Required action: The reply should hold only the lines from the one with "在圖像中找到圓形輪廓,計(j" to the one with "이미 존재하는 주택은", both ends kept, exactly as they appear below, without any pictures.

[[ Data for analysis, beginning ]]

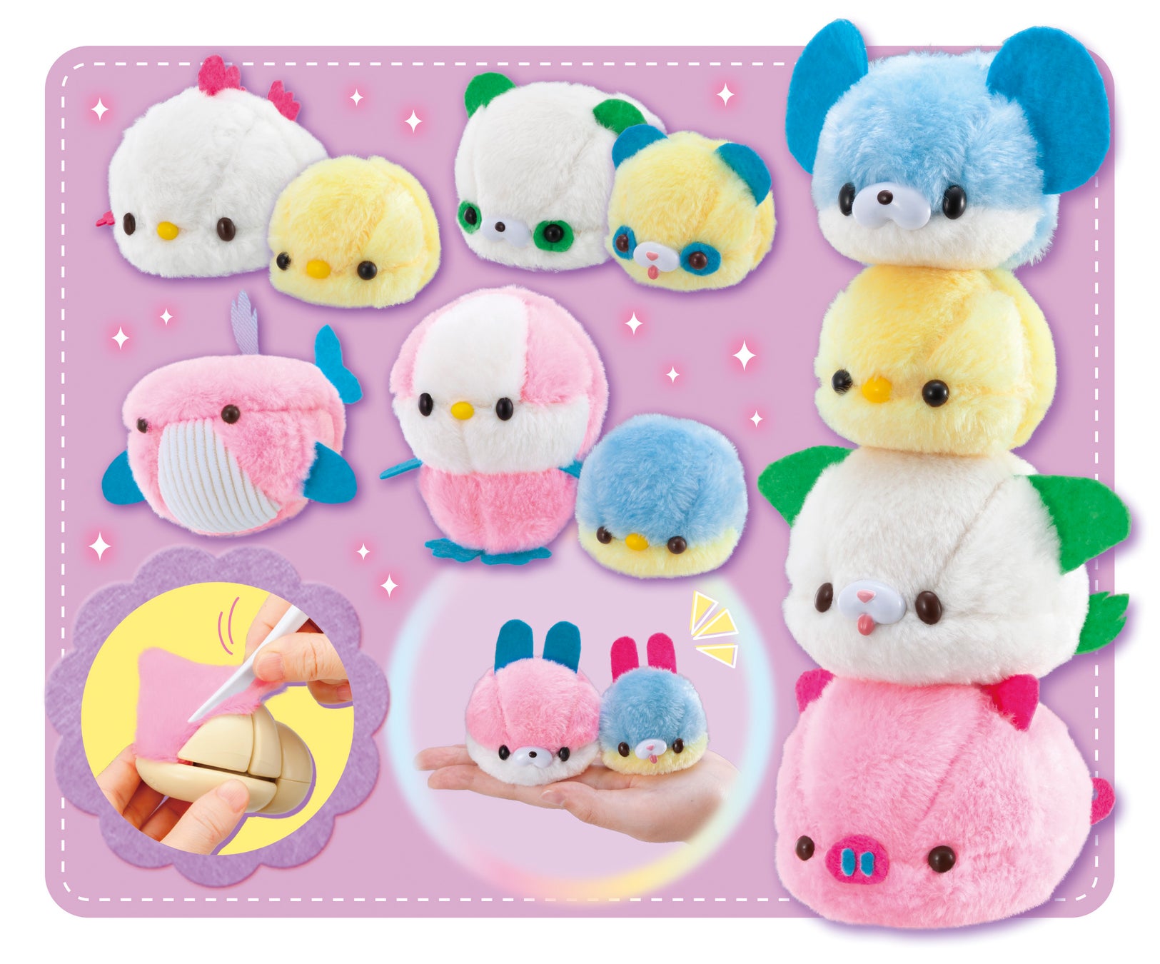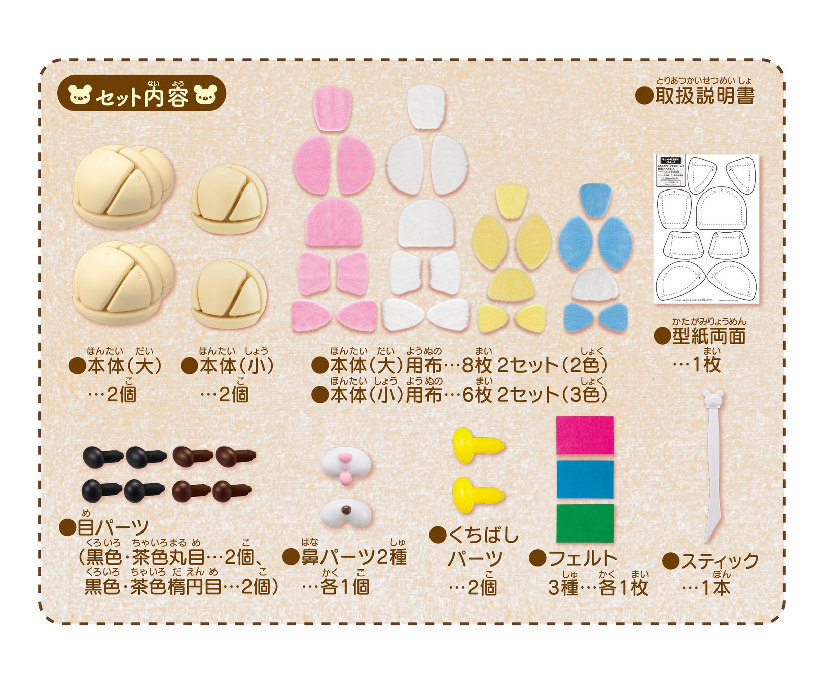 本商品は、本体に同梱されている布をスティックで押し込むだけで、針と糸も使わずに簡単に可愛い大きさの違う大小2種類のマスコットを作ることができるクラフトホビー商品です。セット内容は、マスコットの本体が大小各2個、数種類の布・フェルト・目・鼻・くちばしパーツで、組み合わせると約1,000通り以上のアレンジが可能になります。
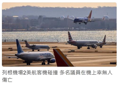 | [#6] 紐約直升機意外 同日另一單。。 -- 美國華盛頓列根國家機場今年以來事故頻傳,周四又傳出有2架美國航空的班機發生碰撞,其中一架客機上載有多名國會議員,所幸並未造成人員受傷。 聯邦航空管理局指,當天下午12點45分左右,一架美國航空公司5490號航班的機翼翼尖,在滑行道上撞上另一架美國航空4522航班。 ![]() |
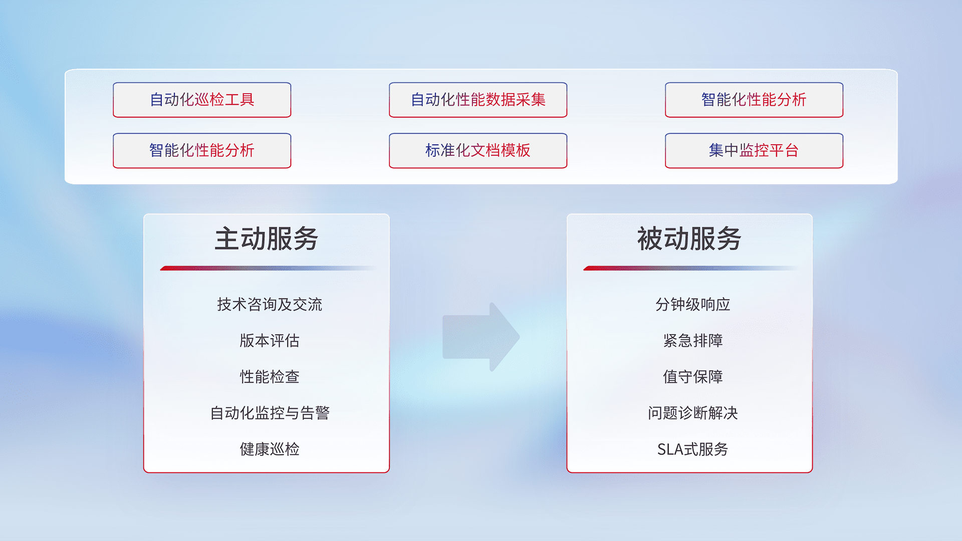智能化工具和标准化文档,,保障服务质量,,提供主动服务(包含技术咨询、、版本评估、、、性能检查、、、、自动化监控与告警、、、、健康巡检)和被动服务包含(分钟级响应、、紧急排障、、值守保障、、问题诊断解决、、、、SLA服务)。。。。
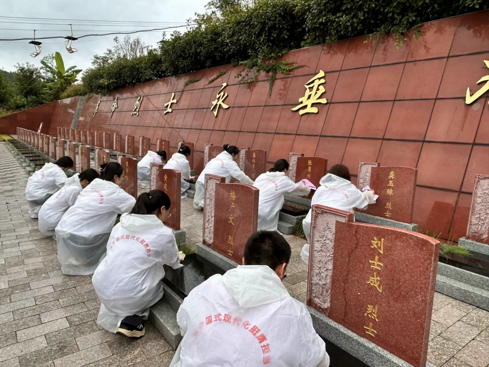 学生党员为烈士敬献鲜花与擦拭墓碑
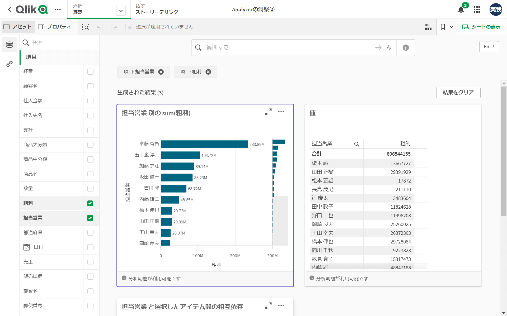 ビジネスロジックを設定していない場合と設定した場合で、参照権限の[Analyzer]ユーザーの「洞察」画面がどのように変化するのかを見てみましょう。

[[ Data for analysis, end ]]
[[ Data for analysis, beginning ]]

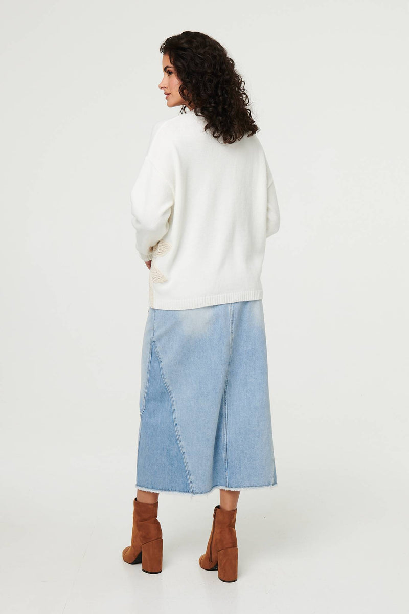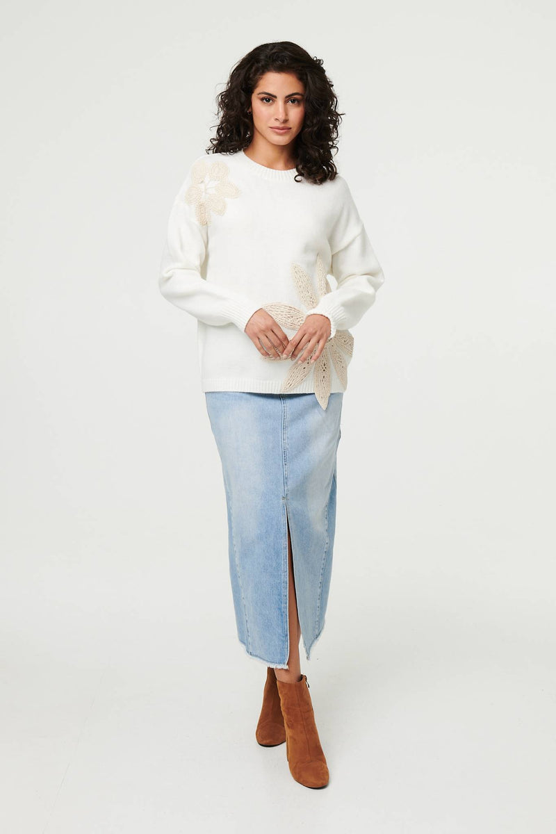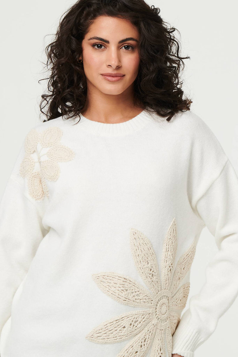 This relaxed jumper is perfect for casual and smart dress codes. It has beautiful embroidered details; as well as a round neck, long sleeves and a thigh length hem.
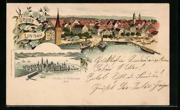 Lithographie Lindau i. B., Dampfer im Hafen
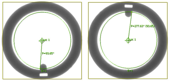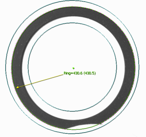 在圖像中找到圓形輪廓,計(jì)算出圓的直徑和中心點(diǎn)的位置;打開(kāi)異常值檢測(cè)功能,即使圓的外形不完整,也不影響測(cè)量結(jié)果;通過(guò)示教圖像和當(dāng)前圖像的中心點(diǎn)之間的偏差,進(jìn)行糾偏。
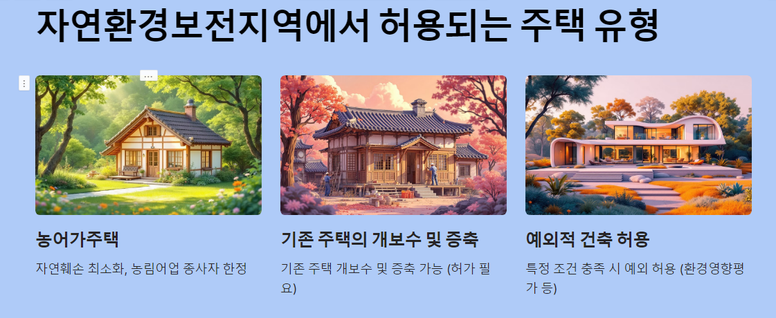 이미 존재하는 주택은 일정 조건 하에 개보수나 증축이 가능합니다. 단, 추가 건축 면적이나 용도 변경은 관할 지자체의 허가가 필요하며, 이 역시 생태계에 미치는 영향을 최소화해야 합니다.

[[ Data for analysis, end ]]
[[ Data for analysis, beginning ]]

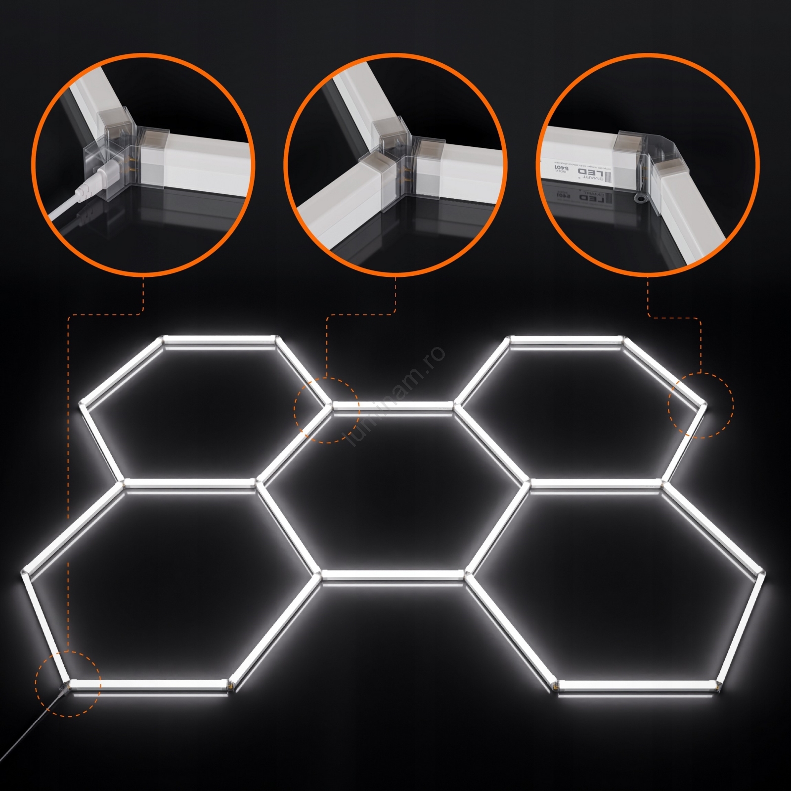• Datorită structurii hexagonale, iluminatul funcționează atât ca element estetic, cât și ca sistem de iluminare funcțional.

[[ Data for analysis, end ]]

Answer area:
 在圖像中找到圓形輪廓,計(jì)算出圓的直徑和中心點(diǎn)的位置;打開(kāi)異常值檢測(cè)功能,即使圓的外形不完整,也不影響測(cè)量結(jié)果;通過(guò)示教圖像和當(dāng)前圖像的中心點(diǎn)之間的偏差,進(jìn)行糾偏。
 이미 존재하는 주택은 일정 조건 하에 개보수나 증축이 가능합니다. 단, 추가 건축 면적이나 용도 변경은 관할 지자체의 허가가 필요하며, 이 역시 생태계에 미치는 영향을 최소화해야 합니다.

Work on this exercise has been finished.